Priority order for what stays in memory:
- User preferences and corrections (highest — prevents repeated steering)
- Environment facts and project conventions
- Tool quirks and workarounds
- Lessons learned (lowest — can often be rediscovered)
Memory Nudge
Every N turns (default: 10), the agent receives a nudge prompting it to review and update its memory. This is a lightweight prompt injected into the conversation — not a separate API call. The agent can choose to update memory or skip if nothing has changed.
Privacy and Data Locality
Built-in memory is fully local. MEMORY.md and USER.md are plain text files in ~/.hermes/memories/. No network calls are made in the memory read/write path. The memory tool scans entries for prompt injection and exfiltration patterns before accepting them.

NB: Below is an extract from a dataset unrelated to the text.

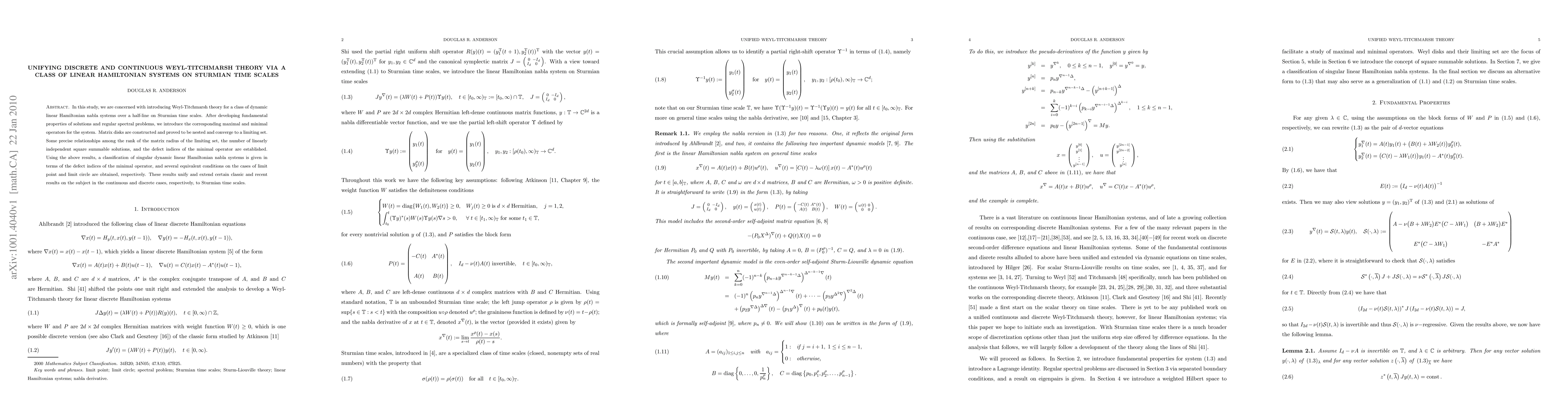 This paper unifies discrete and continuous Weyl-Titchmarsh theory by developing a framework for linear Hamiltonian systems on Sturmian time scales, establishing relationships between spectral properties and defect indices, and classifying singular dynamic systems. The results extend existing theories to new time scales and provide conditions for limit point and limit circle classifications.

Session search is local. The SQLite database (~/.hermes/state.db) stays on disk. FTS5 search is a local operation. However, the summarization step uses Gemini Flash (via the auxiliary LLM client) — conversation snippets are sent to Google's API for summarization. If this is a concern, session_search can be disabled.
External providers may send data off-machine. Cloud providers (Honcho, Mem0, RetainDB, Supermemory) send data to their respective APIs. Self-hosted providers (OpenViking, Hindsight local mode, Holographic, ByteRover local mode) keep everything on your machine. Check the provider's documentation for specifics.
Security scanning. All content written to memory (via the memory tool) is scanned for:
- Prompt injection patterns ("ignore previous instructions", role hijacking, etc.)
- Credential exfiltration attempts (curl/wget with secrets, reading .env files)
- SSH backdoor patterns
- Invisible unicode characters (used for steganographic injection)
Blocked content is rejected with a descriptive error message.
Configuration
In ~/.hermes/config.yaml:
memory:
# Enable/disable the two built-in memory stores
memory_enabled: true # MEMORY.md
user_profile_enabled: true # USER.md
# Character limits (not tokens — model-independent)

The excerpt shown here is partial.